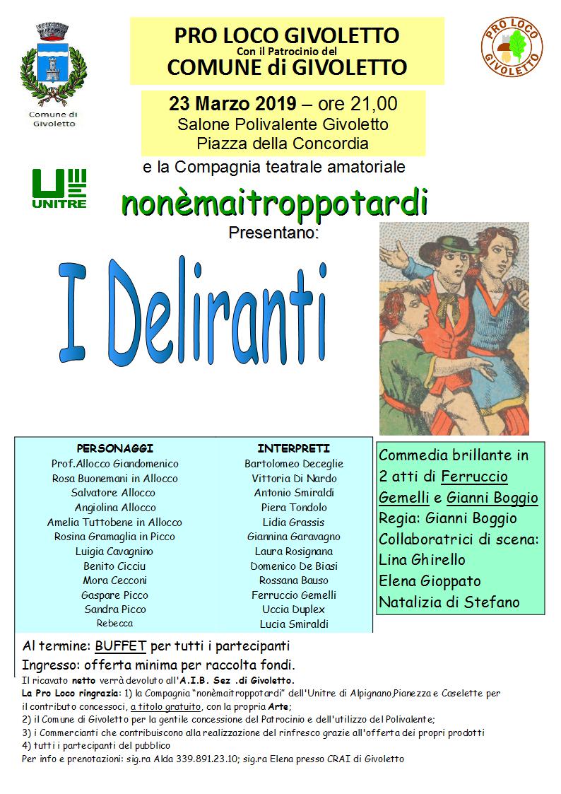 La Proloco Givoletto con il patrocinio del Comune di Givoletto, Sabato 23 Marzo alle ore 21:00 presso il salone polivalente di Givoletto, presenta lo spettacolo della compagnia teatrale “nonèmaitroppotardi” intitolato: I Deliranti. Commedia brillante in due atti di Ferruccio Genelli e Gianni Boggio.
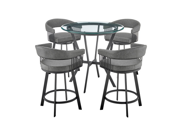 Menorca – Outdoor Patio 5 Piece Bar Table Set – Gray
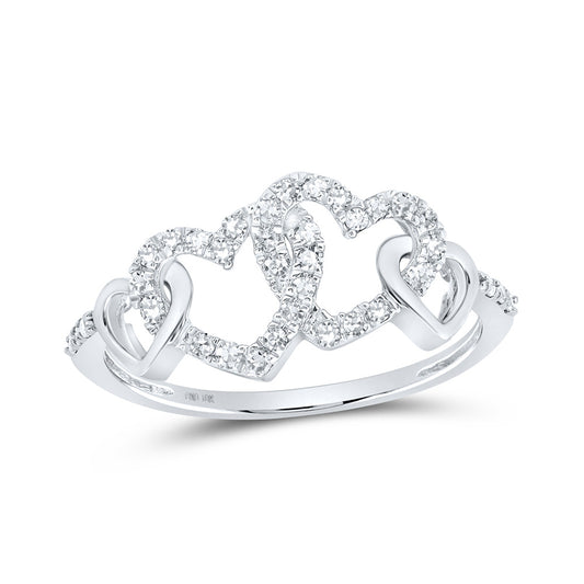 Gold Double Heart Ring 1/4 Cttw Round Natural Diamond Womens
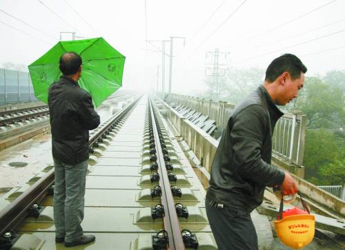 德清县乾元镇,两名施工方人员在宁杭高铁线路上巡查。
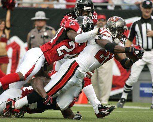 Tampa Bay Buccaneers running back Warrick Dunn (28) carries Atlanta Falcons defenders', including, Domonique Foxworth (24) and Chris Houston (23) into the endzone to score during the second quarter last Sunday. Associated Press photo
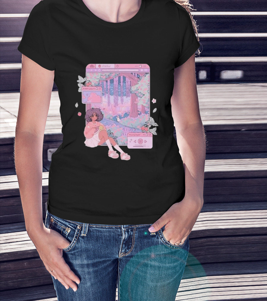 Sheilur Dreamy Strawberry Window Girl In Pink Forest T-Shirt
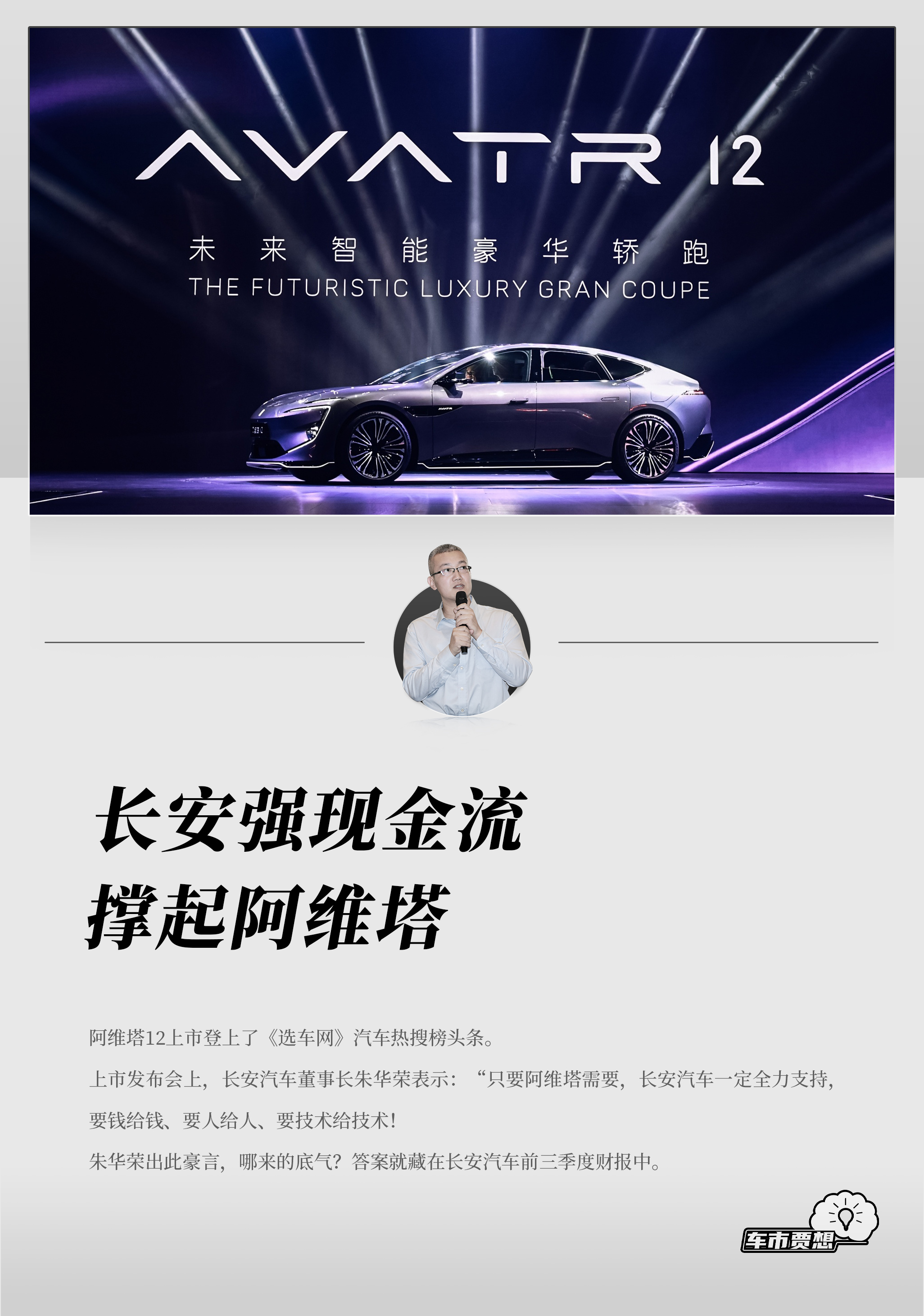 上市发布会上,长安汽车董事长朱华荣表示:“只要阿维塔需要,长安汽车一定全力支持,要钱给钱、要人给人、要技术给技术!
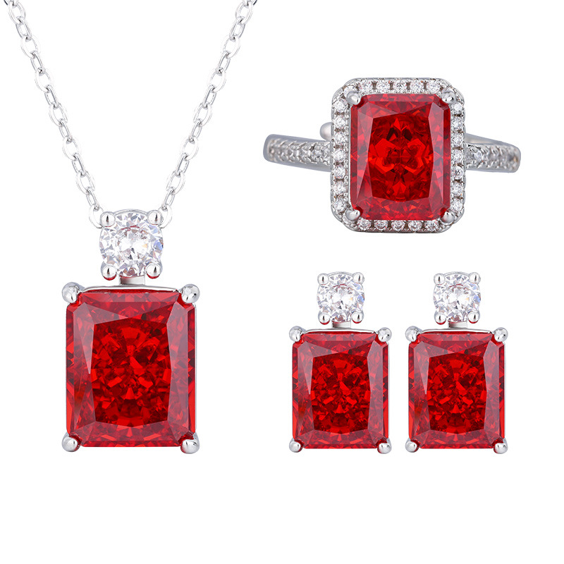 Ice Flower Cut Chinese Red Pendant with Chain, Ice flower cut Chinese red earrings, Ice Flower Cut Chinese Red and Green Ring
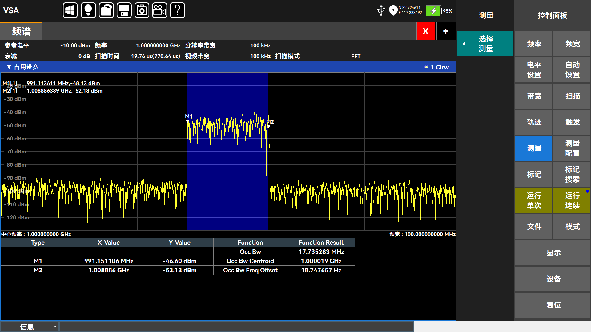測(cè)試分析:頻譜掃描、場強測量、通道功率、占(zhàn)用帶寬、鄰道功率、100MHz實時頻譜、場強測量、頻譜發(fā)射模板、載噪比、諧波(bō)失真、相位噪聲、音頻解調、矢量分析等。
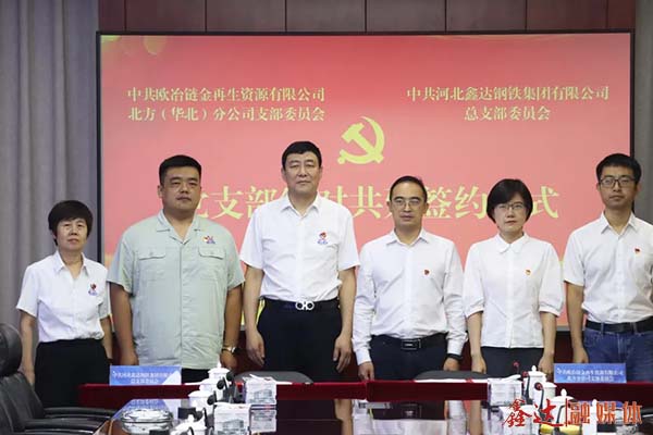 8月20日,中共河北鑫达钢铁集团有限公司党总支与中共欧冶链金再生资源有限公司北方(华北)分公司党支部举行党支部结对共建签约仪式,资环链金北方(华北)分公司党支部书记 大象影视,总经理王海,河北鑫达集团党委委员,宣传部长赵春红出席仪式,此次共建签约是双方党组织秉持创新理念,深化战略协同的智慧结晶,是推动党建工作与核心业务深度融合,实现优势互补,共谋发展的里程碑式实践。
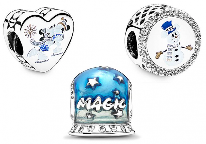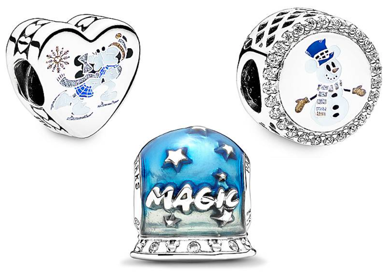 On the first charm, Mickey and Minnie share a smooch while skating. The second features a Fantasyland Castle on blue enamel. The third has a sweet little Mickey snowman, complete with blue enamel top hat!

INSTRUCTIONS TO FOLLOW — An exact copy is needed. It runs from the line above containing "Menorca – Outdoor" down to the line containing "Tampa Bay Buccaneers", both included, with no pictures.

WRITTEN ANSWER —
 Menorca – Outdoor Patio 5 Piece Bar Table Set – Gray
 Gold Double Heart Ring 1/4 Cttw Round Natural Diamond Womens
 德清县乾元镇,两名施工方人员在宁杭高铁线路上巡查。
 Tampa Bay Buccaneers running back Warrick Dunn (28) carries Atlanta Falcons defenders', including, Domonique Foxworth (24) and Chris Houston (23) into the endzone to score during the second quarter last Sunday. Associated Press photo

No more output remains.